▸ Saved data entries
___

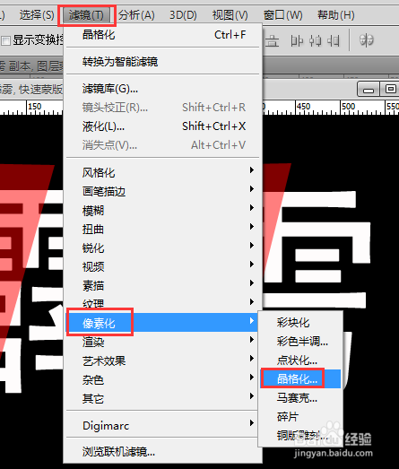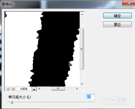然后点击菜单栏:滤镜→像素化→晶格化。晶格化单位格大小设定为15摆布即可,可边改数字大小边预览图层结果。
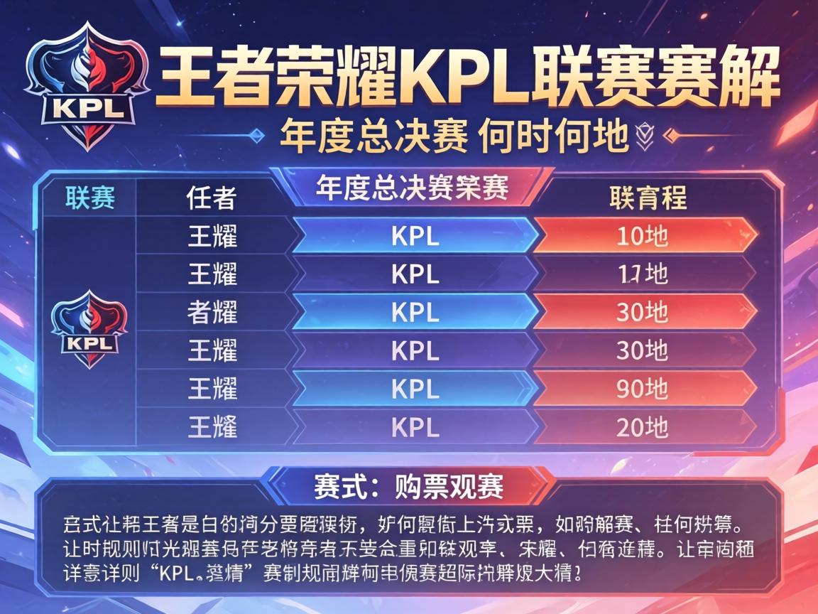 大家好,我是拥有国家一级电竞裁判资质的李教练,今天为大家详细解读2025年KPL年度总决赛的完整赛程安排。是不是经常遇到想观赛却不知道具体时间地点的情况?或者对复杂的赛制感到困惑?不用担心,博主经常使用的分析方法就能帮你轻松搞懂王者荣耀最高规格职业赛事的全部安排,这样就可以更好地规划观赛计划了。
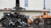 Горы цветов и мягких игрушек аккуратно прикрыты полиэтиленом. У мемориала погибшим в "Зимней вишне" в Кемерове по-прежнему дежурят волонтеры.
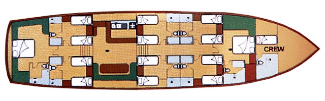 She is a romantic yacht, evocative and inspirational, and comes with ocean kayaks, snorkel equipment, and a dinghy with outboard motor. Sailing yacht QUASART is able to accommodate up to 12 guests overnight in 6 cabins (4 twins and 2 double cabins).
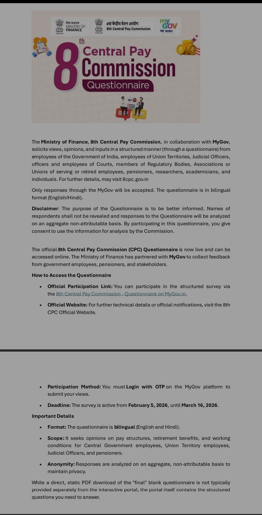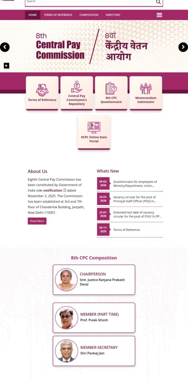 8th CPC started website and requested replies for qutionier from Unions, Individuals and Pensioners of Central Government.
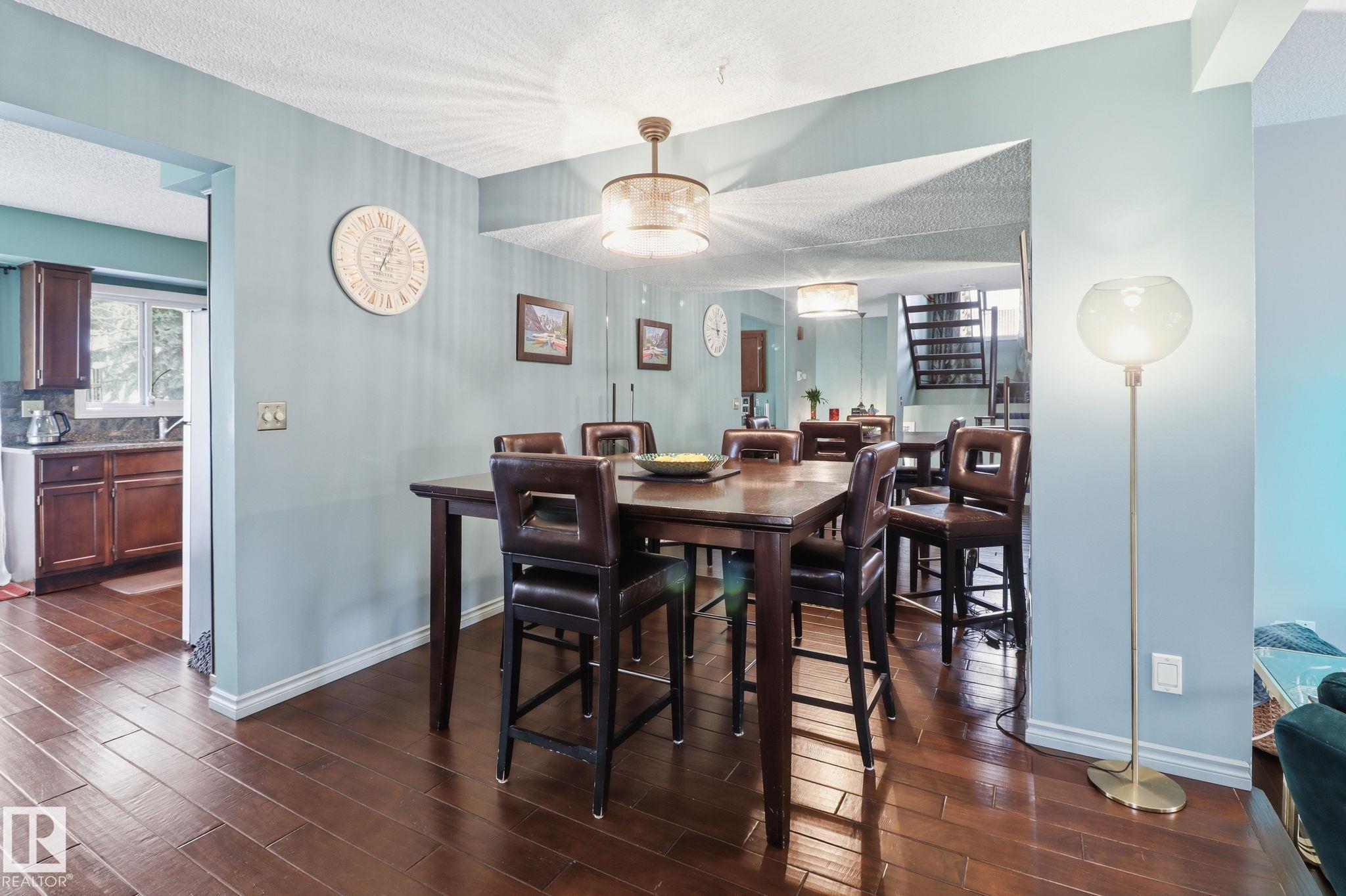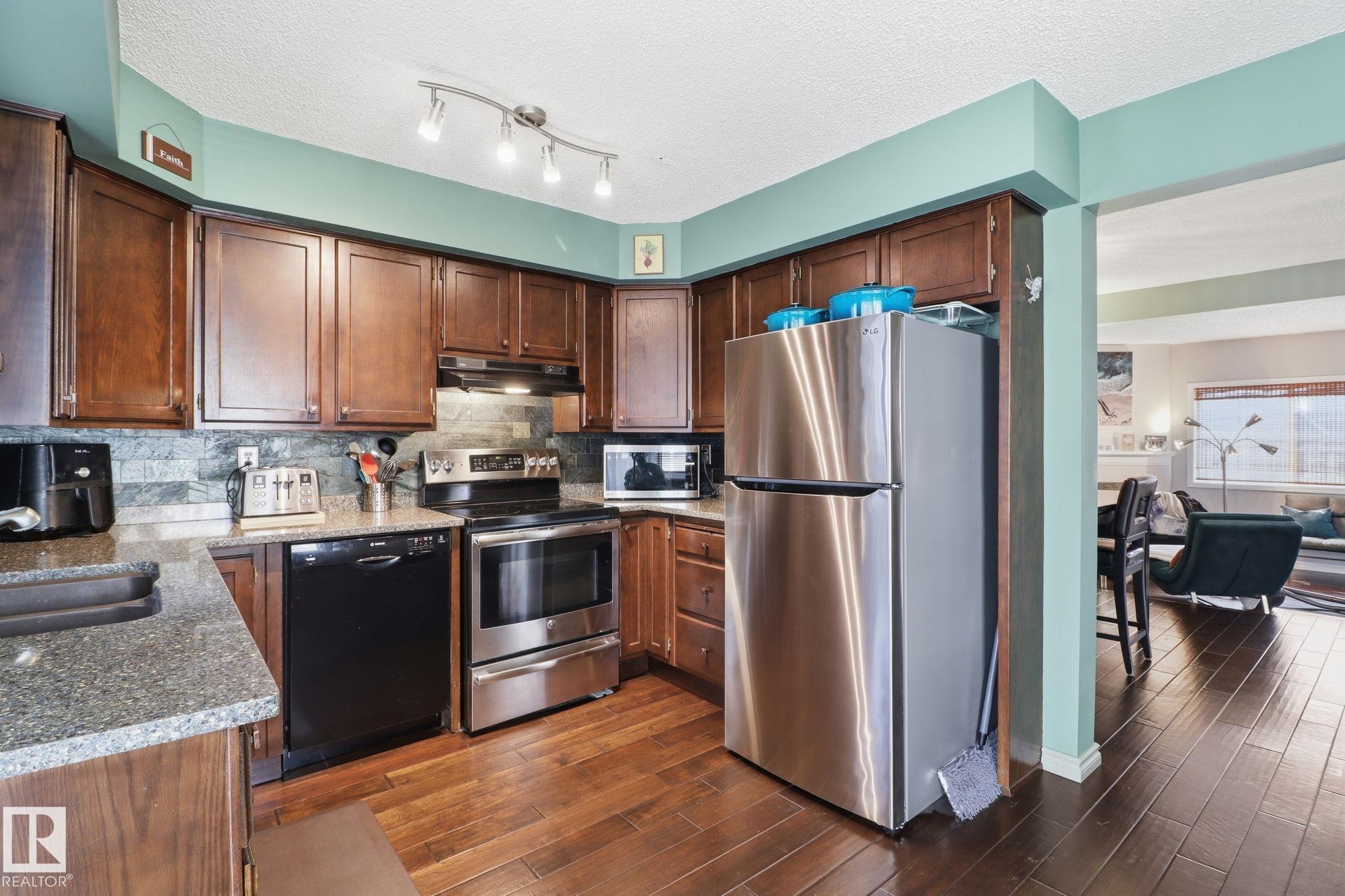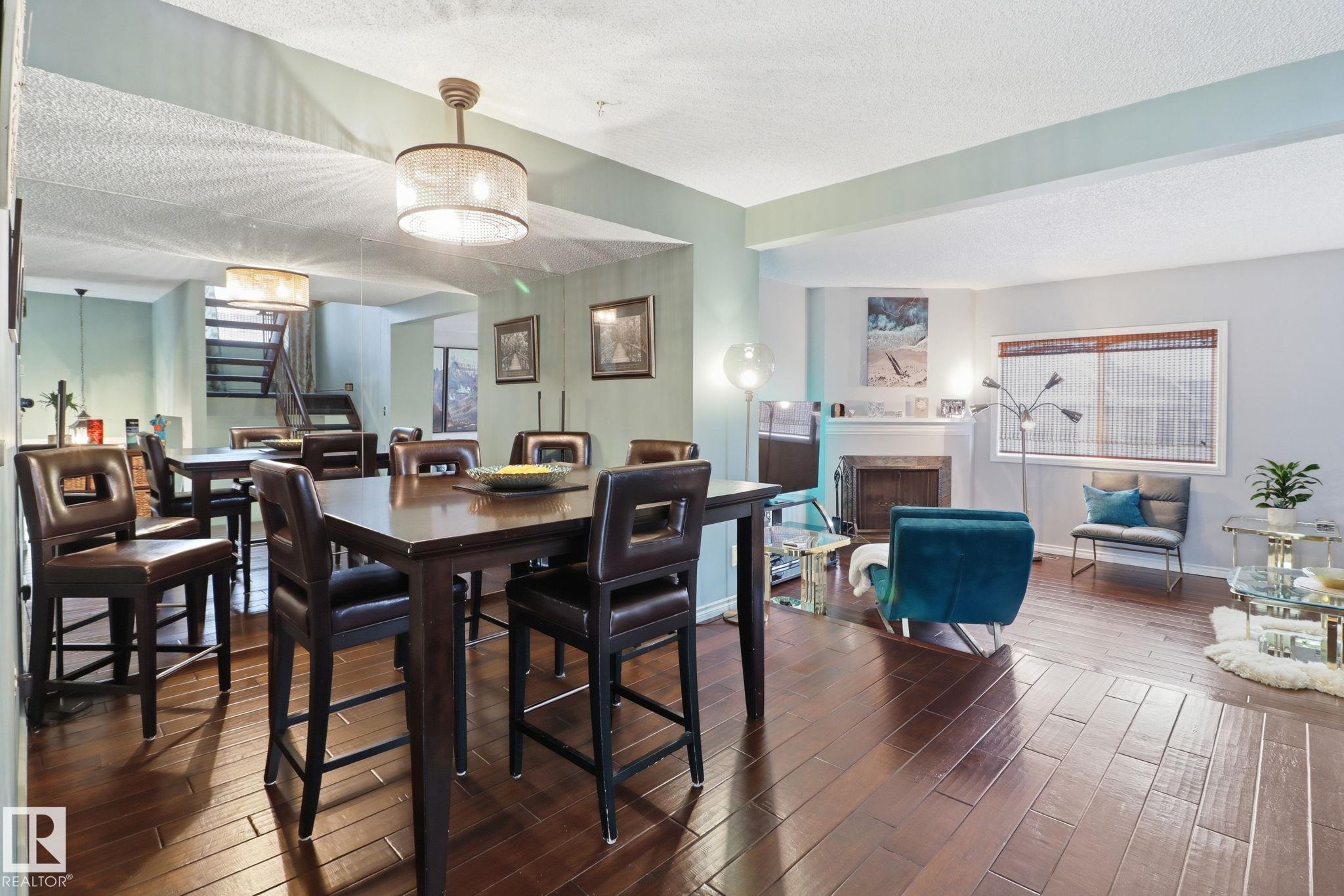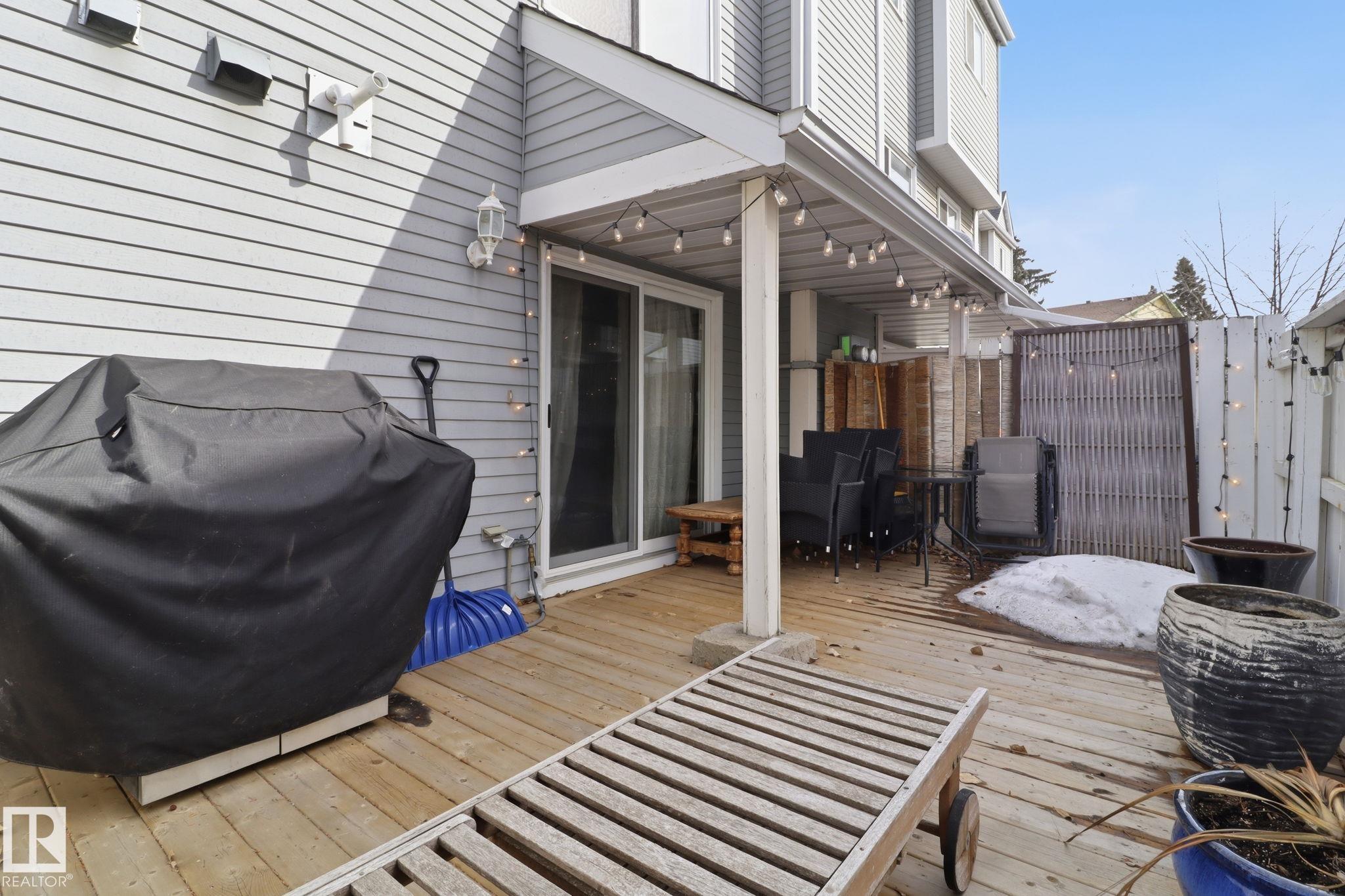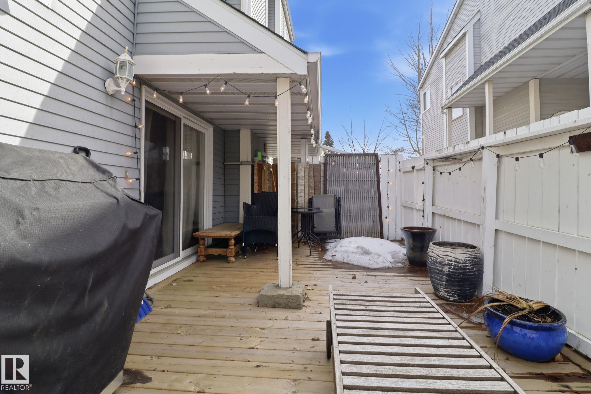 Welcome to this exquisite and well-kept townhome steps from everything Woodbridge Farms Community offers. This unique multi-level layout features an inviting main floor with an open dining area at the centre of the home. The kitchen includes ample cabinetry, GRANITE COUNTERTOPS, SS APPLIANCES and a bright breakfast nook, while the sunken living room adds charm with its wood-burning FIREPLACE. Upstairs are three comfortable bedrooms, including a spacious primary with an ensuite. The lower level offers a VERSATILE REC ROOM, 2-piece bath, laundry and WALKOUT access to a sunny, PRIVATE FENCED PATIO. Enjoy multiple outdoor spaces; a BALCONY off the kitchen, a partially covered WRAP-AROUND FRONT DECK and the SECLUDED PATIO off the rec room. Keep your car warm in your very own SINGLE ATTACHED GARAGE with lots of shelving. Ideally located across from the Woodbridge Farms walking trails and within walking distance to the golf course, parks, schools and amenities. A must-see home in a highly walkable community!

___

In the copy, omit the pictures and reproduce every entry exactly.

然后点击菜单栏:滤镜→像素化→晶格化。晶格化单位格大小设定为15摆布即可,可边改数字大小边预览图层结果。
 大家好,我是拥有国家一级电竞裁判资质的李教练,今天为大家详细解读2025年KPL年度总决赛的完整赛程安排。是不是经常遇到想观赛却不知道具体时间地点的情况?或者对复杂的赛制感到困惑?不用担心,博主经常使用的分析方法就能帮你轻松搞懂王者荣耀最高规格职业赛事的全部安排,这样就可以更好地规划观赛计划了。
 Горы цветов и мягких игрушек аккуратно прикрыты полиэтиленом. У мемориала погибшим в "Зимней вишне" в Кемерове по-прежнему дежурят волонтеры.
 She is a romantic yacht, evocative and inspirational, and comes with ocean kayaks, snorkel equipment, and a dinghy with outboard motor. Sailing yacht QUASART is able to accommodate up to 12 guests overnight in 6 cabins (4 twins and 2 double cabins).
 8th CPC started website and requested replies for qutionier from Unions, Individuals and Pensioners of Central Government.
 Welcome to this exquisite and well-kept townhome steps from everything Woodbridge Farms Community offers. This unique multi-level layout features an inviting main floor with an open dining area at the centre of the home. The kitchen includes ample cabinetry, GRANITE COUNTERTOPS, SS APPLIANCES and a bright breakfast nook, while the sunken living room adds charm with its wood-burning FIREPLACE. Upstairs are three comfortable bedrooms, including a spacious primary with an ensuite. The lower level offers a VERSATILE REC ROOM, 2-piece bath, laundry and WALKOUT access to a sunny, PRIVATE FENCED PATIO. Enjoy multiple outdoor spaces; a BALCONY off the kitchen, a partially covered WRAP-AROUND FRONT DECK and the SECLUDED PATIO off the rec room. Keep your car warm in your very own SINGLE ATTACHED GARAGE with lots of shelving. Ideally located across from the Woodbridge Farms walking trails and within walking distance to the golf course, parks, schools and amenities. A must-see home in a highly walkable community!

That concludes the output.